Why I am writing this letter to you, I don't exactly know. You passed away one month ago, to the day... I still can't believe it. I remember the phone call from your mom, Aimee, who was crying and wailing, and I remember putting down the phone and bursting into tears myself.

I remember every detail of that day Aimee. I know that you used a butcher knife to cut your wrists, and you filled your little mini bathtub with hot water. I know that your little sister found your body and that she cried for three days straight. I know that you were rushed to the hospital and pronounced dead upon arrival, at exactly 4:49 pm.

But there are still so many things I want to know, Aimee! Why did you do it? You were a straight-A student with the perfect life. Your family loved you, your teachers loved you, and you had a magnificent boyfriend who couldn't care more about you. You were pretty and you were popular, and everybody always wished they were you. So why? Why did you do this to us? Why did you leave us here on Earth wondering if we had done something wrong?

Craig has been crying nonstop. He keeps saying that without you, he has nothing to live for. He swears that it was something he did, that he was a bad boyfriend. Little Katy, your sister, says that maybe she caused it, maybe if she hadn't taken your Vanilla lipgloss you would still be here.
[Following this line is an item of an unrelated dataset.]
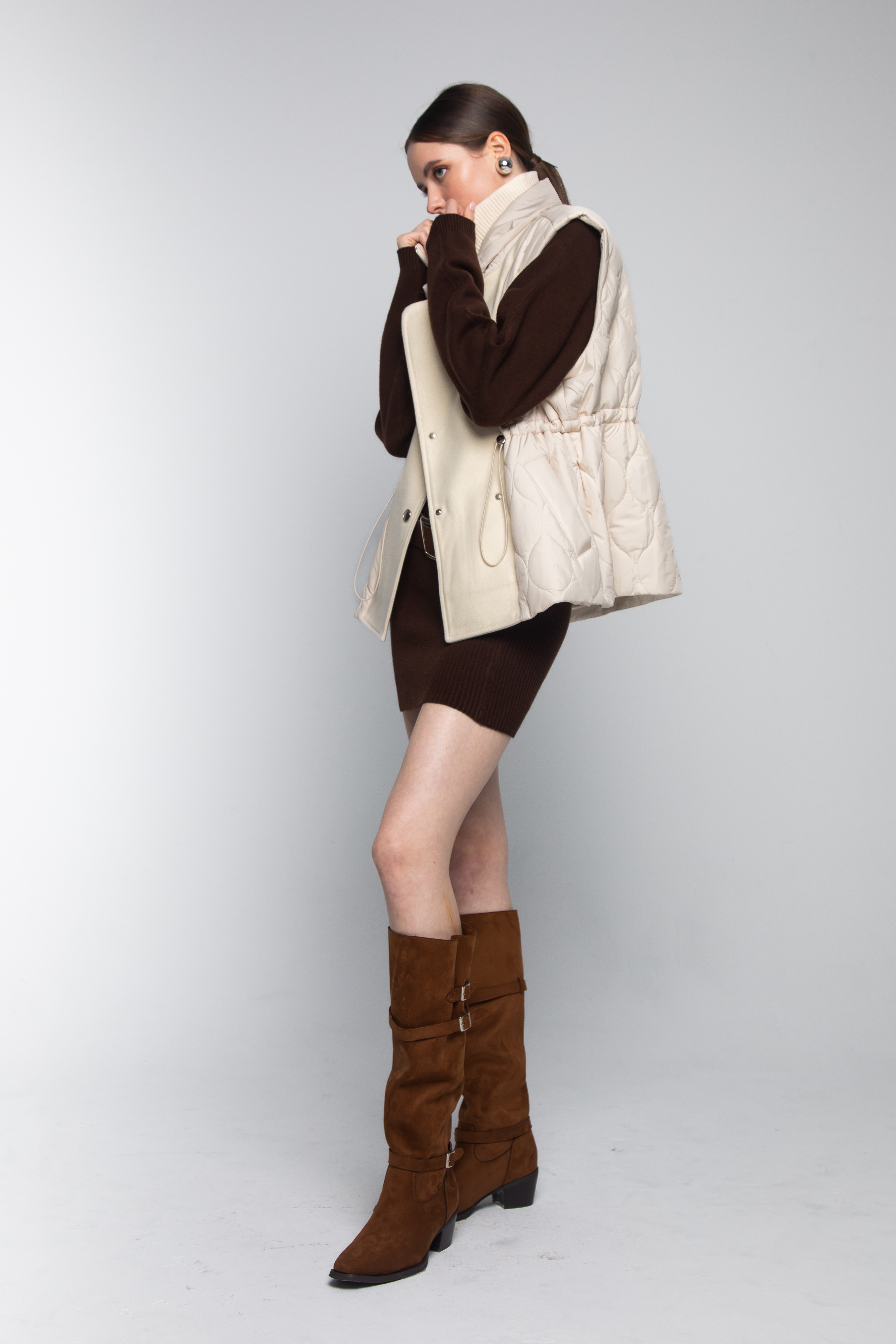 這款時尚鋪棉背心採用純淨優雅的米白色為主調,打破了傳統鋪棉單品的厚重感。透過精緻的波浪壓紋與柔軟的毛呢感面料拼接,在視覺與觸覺上營造出豐富的層次,是寒冷季節裡兼具保暖機能與優雅氣場的必備外搭。

Your parents say they must of been to hard on you, as do your teachers. Your friends wonder if we caused it, maybe you thought we were leaving you out?

But I don't get it, Aimee. How could you take your life? How could you do this to us? How could you just take a butcher knife and commit suicide like it was nothing? Didn't you love us, Aimee? Didn't you care?

I don't even want to remember you anymore. You hurt me too much.